Splitting a smooth bump function into a product Given a smooth bump function $\phi$ which vanishes outside of a compact set $K$, can I split it into a product $\phi = \phi_1 \phi_2$ where both $\phi_1$ and $\phi_2$ are smooth bump functions vanishing outside of $K$?
Basically I want to set $\phi_1 = \phi_2 = \sqrt{\phi}$, but taking the square root is not usually smooth. Is there a reason why the square root of a smooth bump function is smooth?
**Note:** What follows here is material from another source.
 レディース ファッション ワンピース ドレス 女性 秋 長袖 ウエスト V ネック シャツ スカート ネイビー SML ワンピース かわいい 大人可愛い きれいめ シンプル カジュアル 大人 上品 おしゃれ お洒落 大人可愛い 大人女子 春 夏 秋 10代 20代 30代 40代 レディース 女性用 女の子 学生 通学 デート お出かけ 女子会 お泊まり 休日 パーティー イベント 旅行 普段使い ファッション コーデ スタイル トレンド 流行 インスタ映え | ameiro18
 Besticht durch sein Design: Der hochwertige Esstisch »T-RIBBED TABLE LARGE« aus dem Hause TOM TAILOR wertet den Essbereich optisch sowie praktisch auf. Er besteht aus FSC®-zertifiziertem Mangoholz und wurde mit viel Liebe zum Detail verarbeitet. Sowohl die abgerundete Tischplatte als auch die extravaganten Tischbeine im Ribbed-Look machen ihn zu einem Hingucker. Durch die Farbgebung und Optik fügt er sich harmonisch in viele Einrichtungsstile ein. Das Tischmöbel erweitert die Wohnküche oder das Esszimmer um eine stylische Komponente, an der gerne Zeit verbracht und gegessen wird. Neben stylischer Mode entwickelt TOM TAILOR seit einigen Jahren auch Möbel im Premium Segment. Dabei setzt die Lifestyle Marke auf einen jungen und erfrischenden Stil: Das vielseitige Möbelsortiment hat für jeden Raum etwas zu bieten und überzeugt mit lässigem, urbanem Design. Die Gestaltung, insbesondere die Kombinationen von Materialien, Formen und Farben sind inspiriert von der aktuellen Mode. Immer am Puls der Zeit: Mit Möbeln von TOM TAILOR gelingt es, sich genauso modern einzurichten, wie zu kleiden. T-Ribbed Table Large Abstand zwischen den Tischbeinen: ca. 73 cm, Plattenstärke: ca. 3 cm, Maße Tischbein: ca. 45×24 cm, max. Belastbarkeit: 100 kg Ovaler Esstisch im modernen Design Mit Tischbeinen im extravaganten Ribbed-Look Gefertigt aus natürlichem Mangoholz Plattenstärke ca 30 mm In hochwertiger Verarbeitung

 A: You have to put some mild restrictions on your bump function. For example, if $\phi$ has an isolated zero, then it might not be possible to write $\phi$ as a product of two nonnegative smooth functions. (Think about a function $\phi\colon\mathbb R\to \mathbb R$ that is equal to $x^2$ in a neighborhood of the origin.)
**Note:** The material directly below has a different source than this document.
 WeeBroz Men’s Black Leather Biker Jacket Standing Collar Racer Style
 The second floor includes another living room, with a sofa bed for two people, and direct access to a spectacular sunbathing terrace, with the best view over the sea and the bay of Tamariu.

If $\phi>0$ in $\operatorname{Int}K$, where $K = \operatorname{supp}\phi$, then $\sqrt{\phi}$ is smooth.  Clearly it is smooth everywhere in $\operatorname{Int}K$ (because $\phi>0$ there) and everywhere in the complement of $K$ (because $\phi\equiv 0$ there).  If $p\in \partial K$, then there is a sequence of points $p_i\notin K$ such that $p_i\to p$. Because each partial derivative of $\phi$ of any order vanishes at each point $p_i$, by continuity it follows that all partial derivatives of $\phi$ vanish at $p$. From that observation, it follows that $\phi$ vanishes to infinite order at $p$: for every $N$, there is a constant $C_N$ such that
$$
|\phi(p+h)| \le C_N |h|^N.
$$
The same is true for $\sqrt{\phi}$, and from there it's straightforward to prove that all partial derivatives of $\sqrt{\phi}$ at $p$ exist and are equal to zero; thus $\sqrt{\phi}$ is smooth.